(Given entries)
● ● ● ● ●
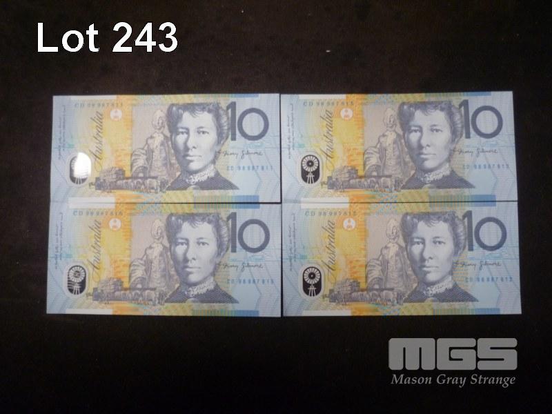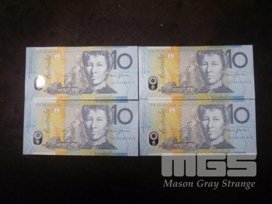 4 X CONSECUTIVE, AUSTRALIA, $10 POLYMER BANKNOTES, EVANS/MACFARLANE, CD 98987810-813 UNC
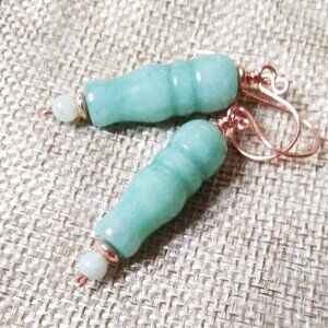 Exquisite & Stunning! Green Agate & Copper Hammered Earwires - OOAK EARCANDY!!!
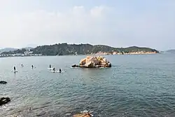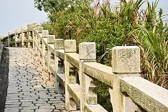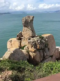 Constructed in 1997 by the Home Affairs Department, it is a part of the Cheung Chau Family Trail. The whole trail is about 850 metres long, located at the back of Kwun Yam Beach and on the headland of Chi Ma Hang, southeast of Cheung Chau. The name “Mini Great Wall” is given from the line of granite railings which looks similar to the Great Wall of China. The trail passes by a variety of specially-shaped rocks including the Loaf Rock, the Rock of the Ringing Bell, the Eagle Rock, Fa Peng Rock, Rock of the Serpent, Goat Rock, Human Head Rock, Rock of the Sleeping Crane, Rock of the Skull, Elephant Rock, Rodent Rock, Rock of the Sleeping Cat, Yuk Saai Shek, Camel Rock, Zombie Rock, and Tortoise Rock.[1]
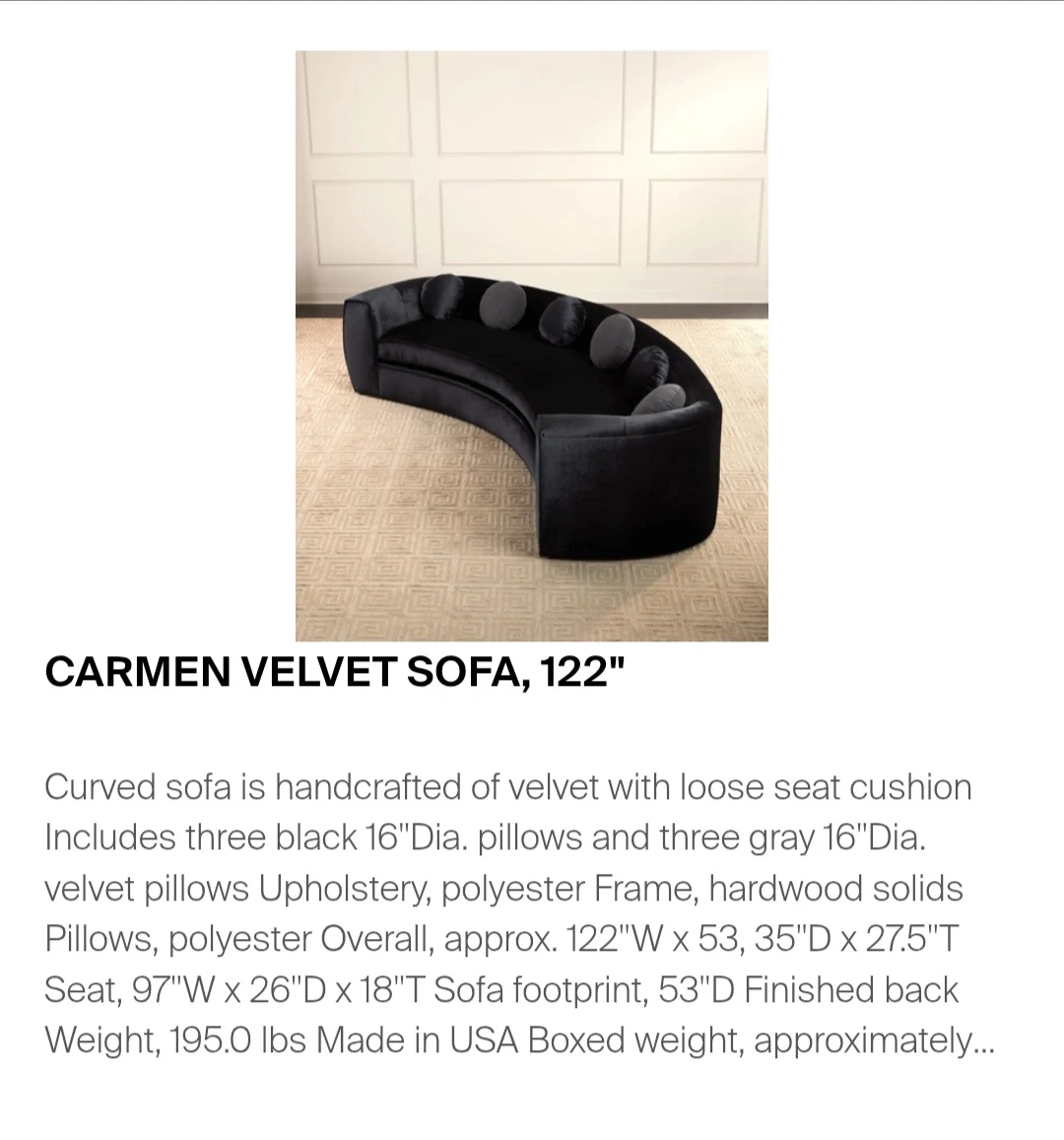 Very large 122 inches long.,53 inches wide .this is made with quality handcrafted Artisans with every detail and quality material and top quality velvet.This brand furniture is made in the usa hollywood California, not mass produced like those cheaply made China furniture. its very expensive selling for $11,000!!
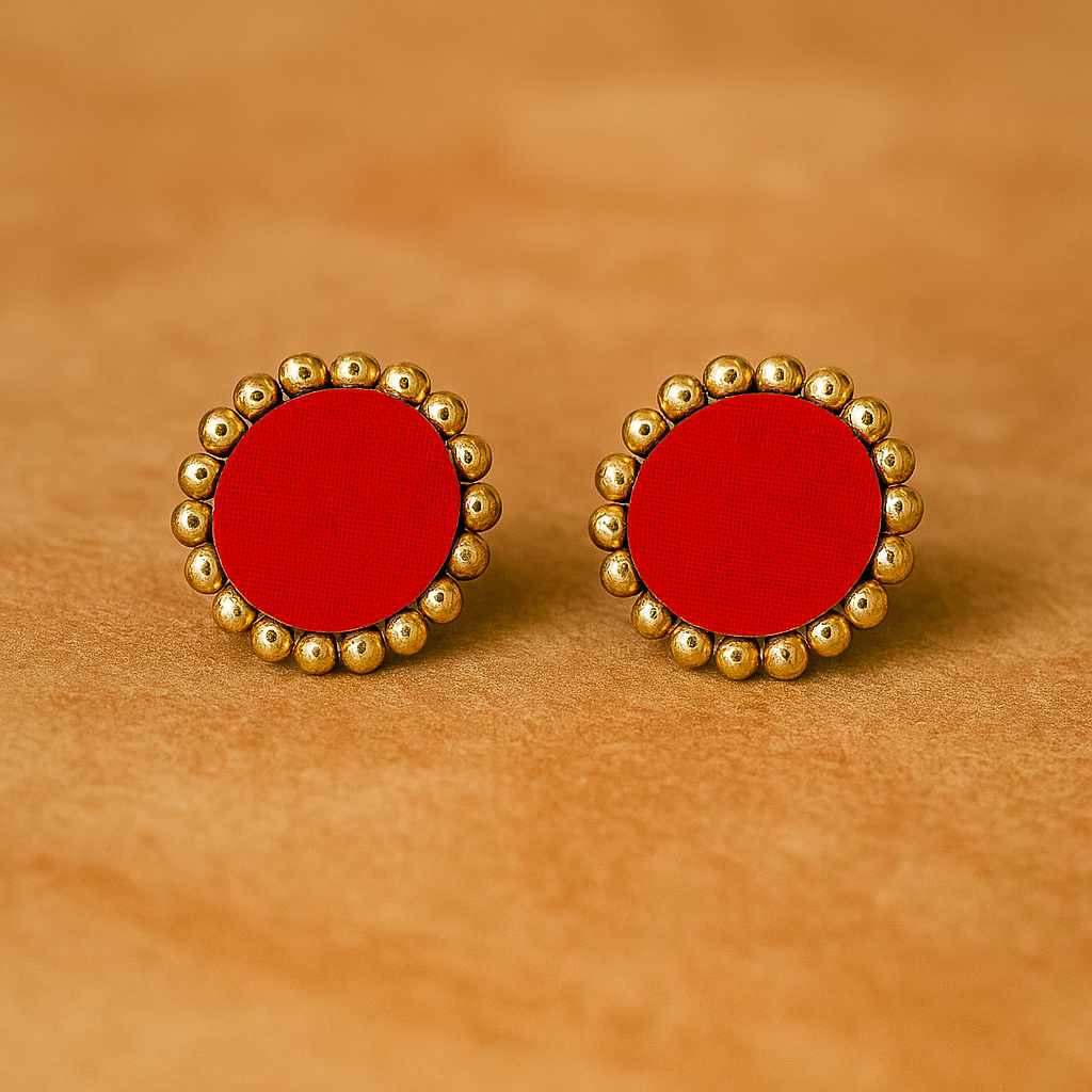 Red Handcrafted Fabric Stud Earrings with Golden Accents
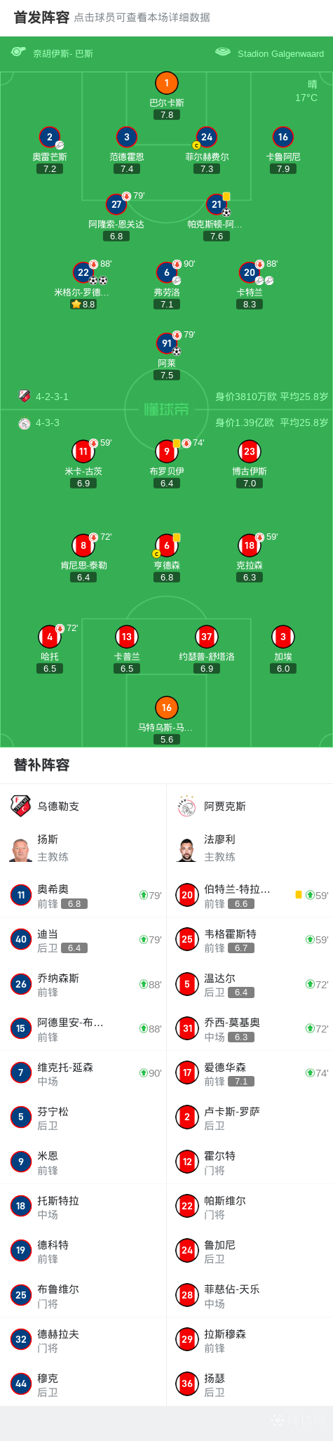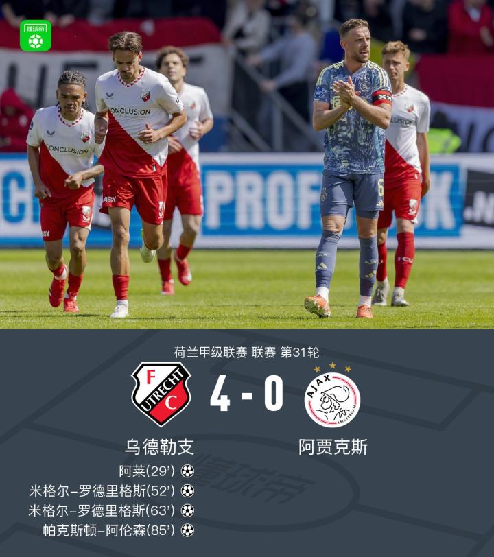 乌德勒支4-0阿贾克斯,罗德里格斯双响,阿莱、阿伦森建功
● ● ● ● ●
Here the lines from the one with "Constructed in 1997" through the last line of the data above need to be repeated exactly, both included, and any picture omitted.

 Constructed in 1997 by the Home Affairs Department, it is a part of the Cheung Chau Family Trail. The whole trail is about 850 metres long, located at the back of Kwun Yam Beach and on the headland of Chi Ma Hang, southeast of Cheung Chau. The name “Mini Great Wall” is given from the line of granite railings which looks similar to the Great Wall of China. The trail passes by a variety of specially-shaped rocks including the Loaf Rock, the Rock of the Ringing Bell, the Eagle Rock, Fa Peng Rock, Rock of the Serpent, Goat Rock, Human Head Rock, Rock of the Sleeping Crane, Rock of the Skull, Elephant Rock, Rodent Rock, Rock of the Sleeping Cat, Yuk Saai Shek, Camel Rock, Zombie Rock, and Tortoise Rock.[1]
 Very large 122 inches long.,53 inches wide .this is made with quality handcrafted Artisans with every detail and quality material and top quality velvet.This brand furniture is made in the usa hollywood California, not mass produced like those cheaply made China furniture. its very expensive selling for $11,000!!
 Red Handcrafted Fabric Stud Earrings with Golden Accents
 乌德勒支4-0阿贾克斯,罗德里格斯双响,阿莱、阿伦森建功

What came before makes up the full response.